TASK OBJECTIVE →
Leave out every picture, and return exactly the lines from the line containing "Trend Women's Y2K" through the end of the records below, both inclusive.
***** RECORDS FOR THE TASK
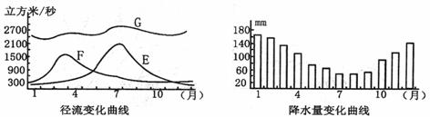 材料二 不同地点测得的径流变化曲线图和E点以上流域的降水量变化曲线图
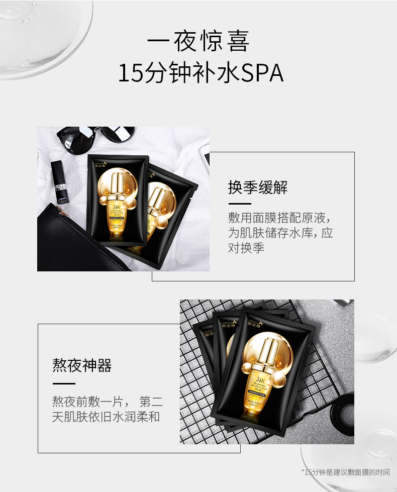 第2件9元!24K黄金面膜玻尿酸补水保湿提亮肤色女男正品专用
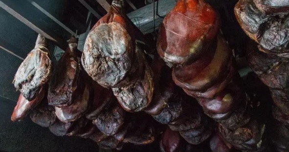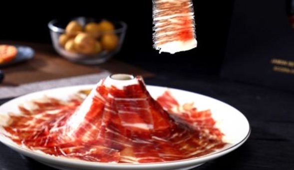 这是世界上最有名的火腿之一。伊比利亚火腿来自西班牙的黑毛猪,其肉质鲜美,富含脂肪,口感丰满,有浓郁的风味。
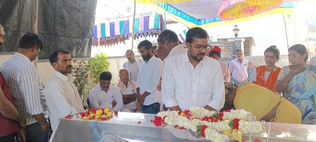 పార్థివ దేహంపై పూలమాల వేసి నివాళులర్పిస్తున్న పార్టీ జిల్లా అధ్యక్షులు కృష్ణారెడ్డి..
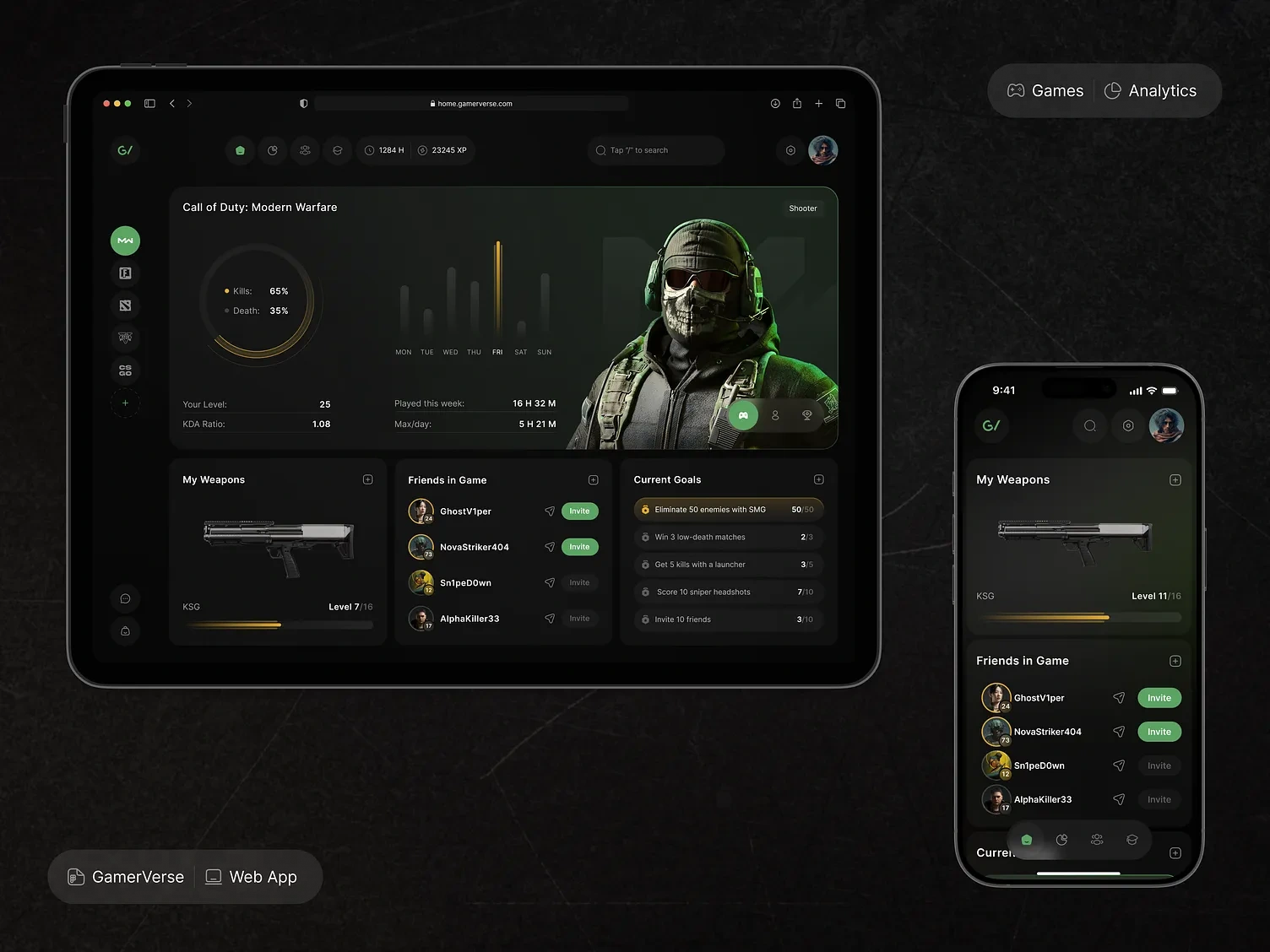 With real-time insights, personal goals, and built-in social features, GamerVerse keeps you motivated and helps you focus on what matters most — playing better.
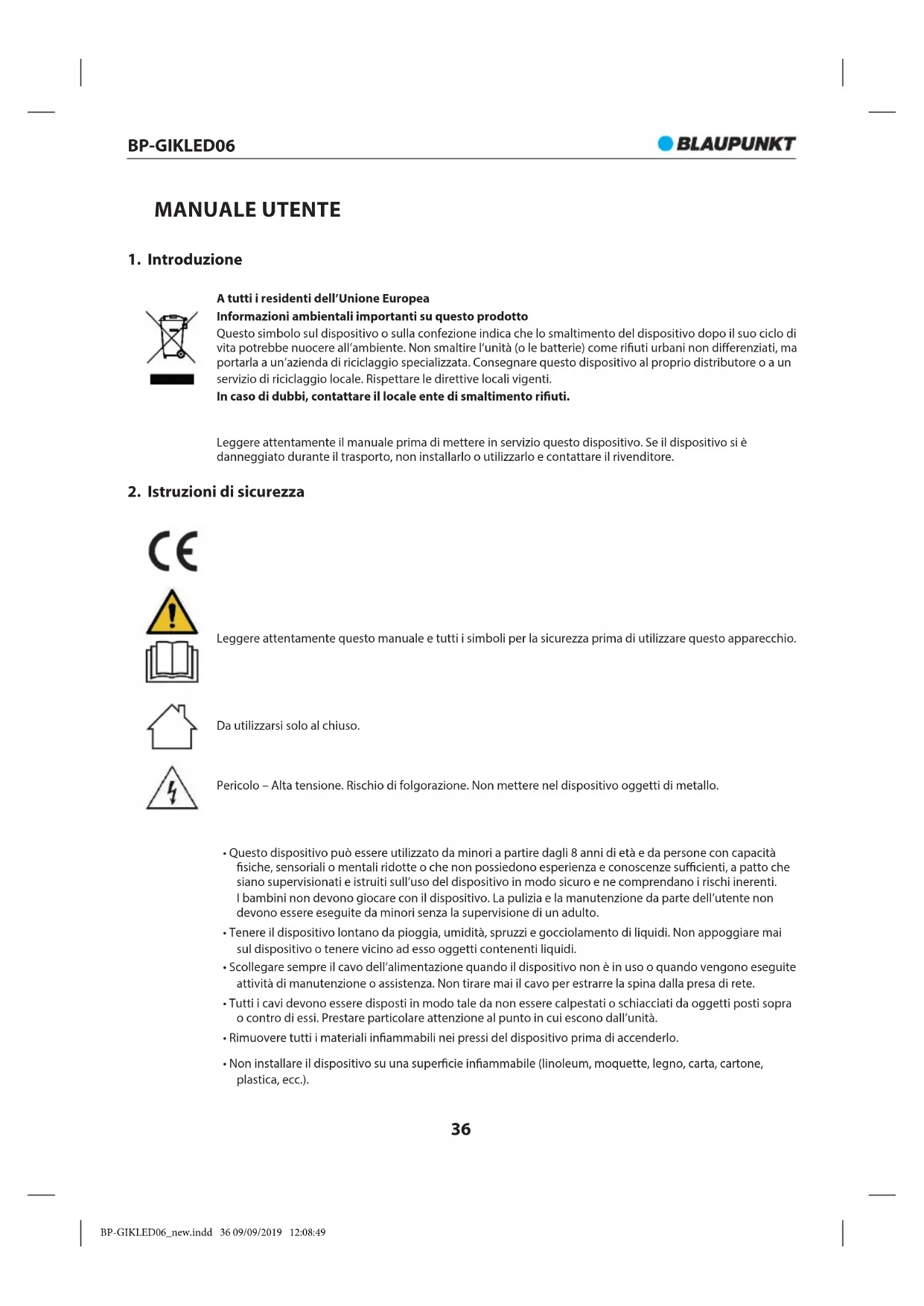 MANUALE UTENTE BPGIKLED06 BLAUPUNKT
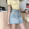 Trend Women's Y2K Jeans Skirt - Dongdaemun Style Chain Detail High Waist Blue Denim A-Line Skirt Slimming Versatile 2682
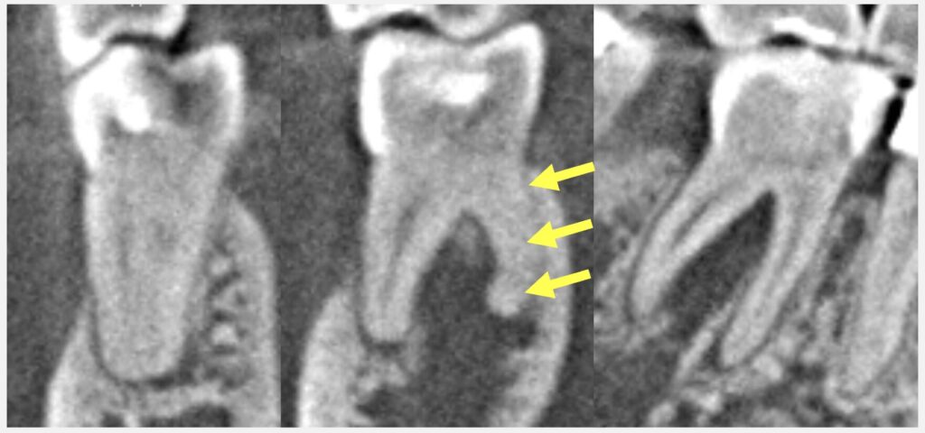 今回一番問題となるのが、歯の根が強く曲がっていて、根管も狭窄して細くなっている点です。非常に珍しいというわけではありませんが、慎重に治療を進めないと、ファイル破折という治療器具が根の中で折れる可能性があります。
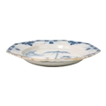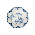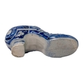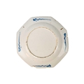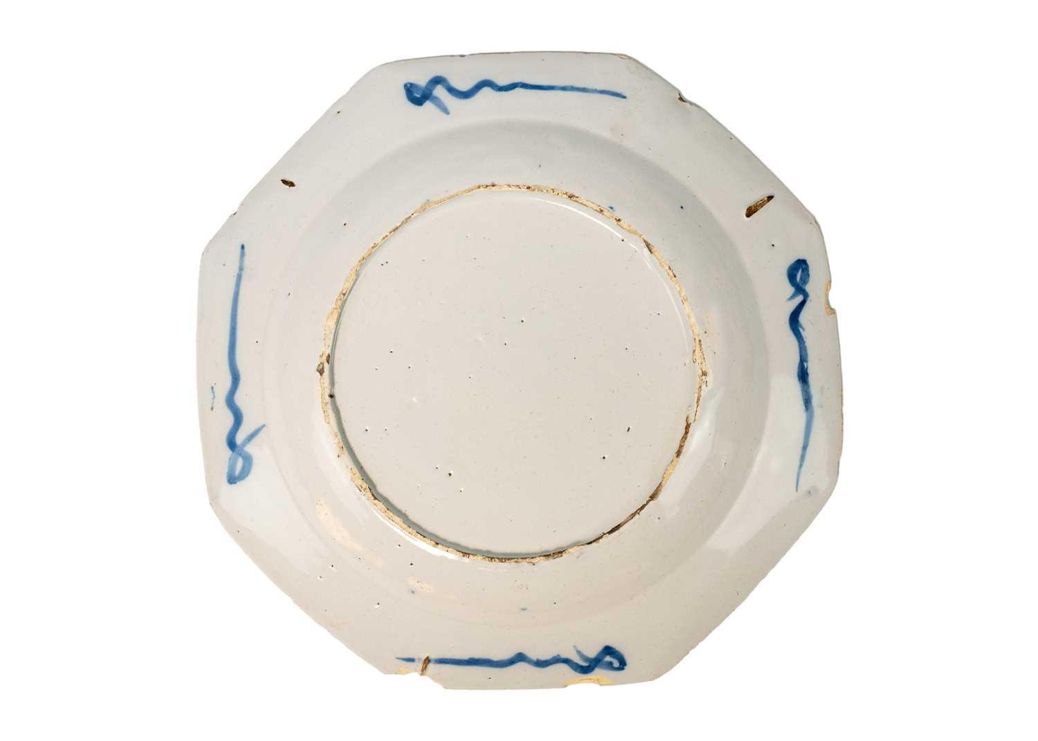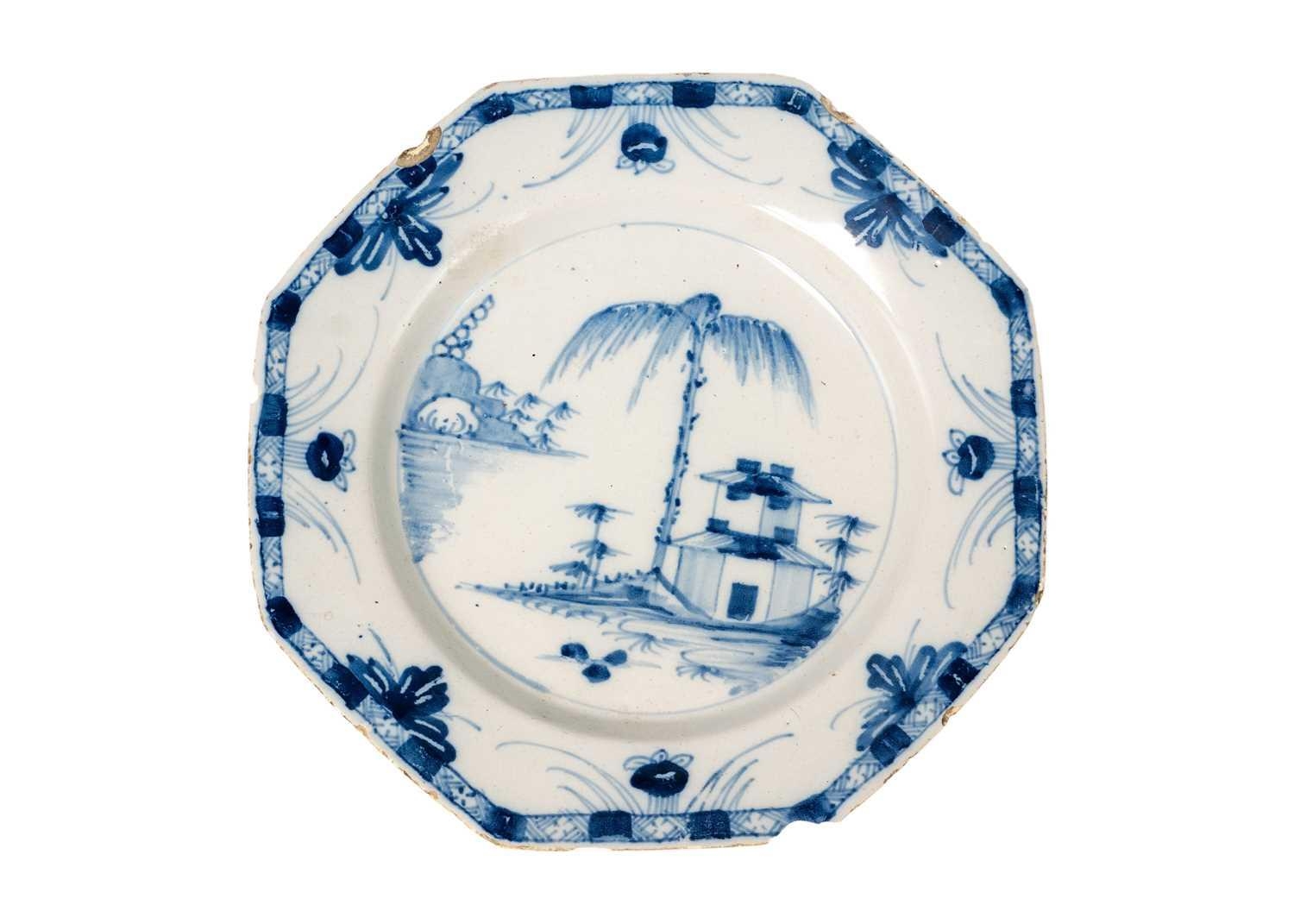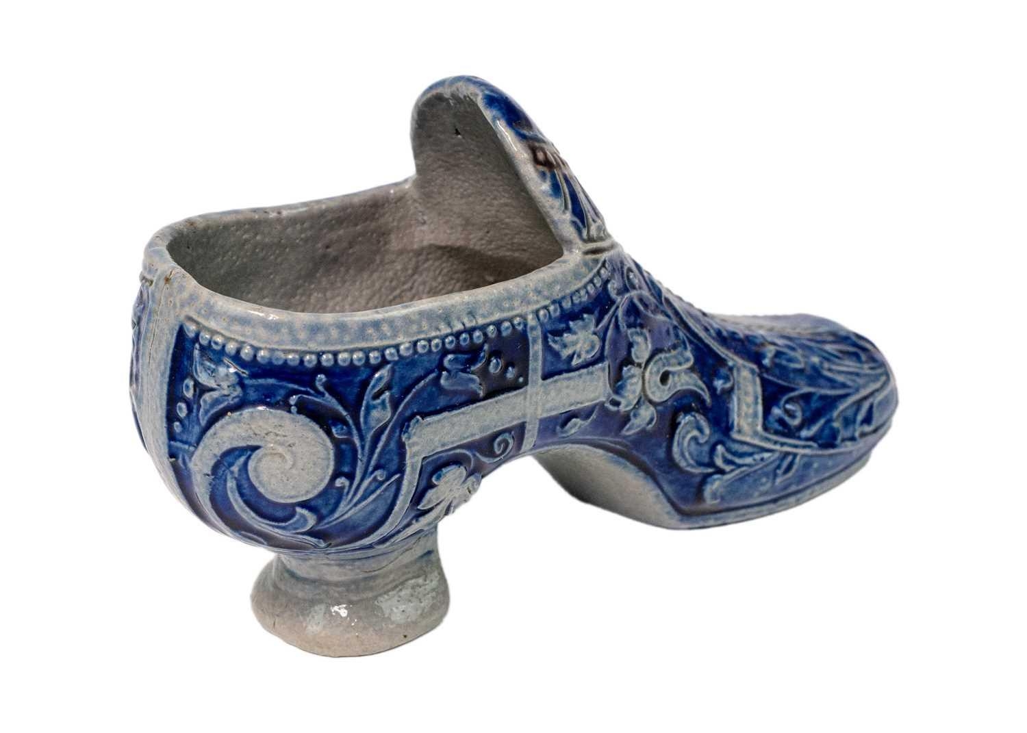 An English Delft hexagonal plate. Circa 1770, painted in blue with an unusual decoration of a palm diameter 21.5cm together with a salt glaze stoneware marriage shoe, moulded and painted in blue.
**********
REPLY TO THE TASK →
 Trend Women's Y2K Jeans Skirt - Dongdaemun Style Chain Detail High Waist Blue Denim A-Line Skirt Slimming Versatile 2682
 今回一番問題となるのが、歯の根が強く曲がっていて、根管も狭窄して細くなっている点です。非常に珍しいというわけではありませんが、慎重に治療を進めないと、ファイル破折という治療器具が根の中で折れる可能性があります。
 An English Delft hexagonal plate. Circa 1770, painted in blue with an unusual decoration of a palm diameter 21.5cm together with a salt glaze stoneware marriage shoe, moulded and painted in blue.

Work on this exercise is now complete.